What needs to be done: Print the listing as it stands, omitting all images.

The data:
────

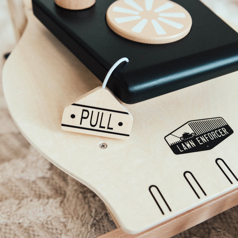 Your little landscaper will love our Lawn Enforcer!  They can release the gas cap and fill with pretend gas, then pull the ripcord to start the pretend engine.  Turning knobs and chunky wheels add to the charm of this fun mower.  The front wheel clackers make sounds when pushed while mowing the carpet in the playroom, or the floor in the kitchen!
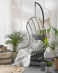 Formschöner Boho-Hängesessel mit schwarzem Gestell inkl. Kissen
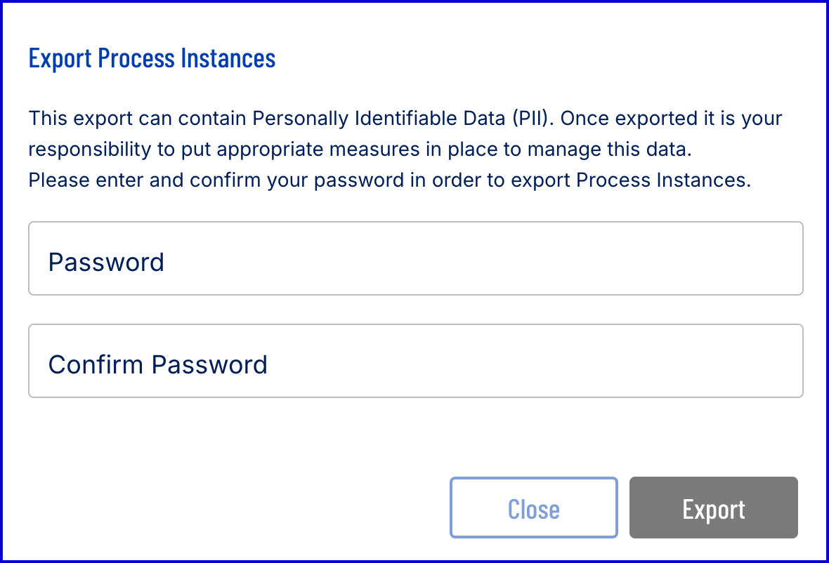 Process Instance data can be downloaded as a password protected zip folder containing a single or multiple Process Instances. Search filters applied on the Process Instance page will also be applied to the exported results.

────

Solution for this task:
 Your little landscaper will love our Lawn Enforcer!  They can release the gas cap and fill with pretend gas, then pull the ripcord to start the pretend engine.  Turning knobs and chunky wheels add to the charm of this fun mower.  The front wheel clackers make sounds when pushed while mowing the carpet in the playroom, or the floor in the kitchen!
 Formschöner Boho-Hängesessel mit schwarzem Gestell inkl. Kissen
 Process Instance data can be downloaded as a password protected zip folder containing a single or multiple Process Instances. Search filters applied on the Process Instance page will also be applied to the exported results.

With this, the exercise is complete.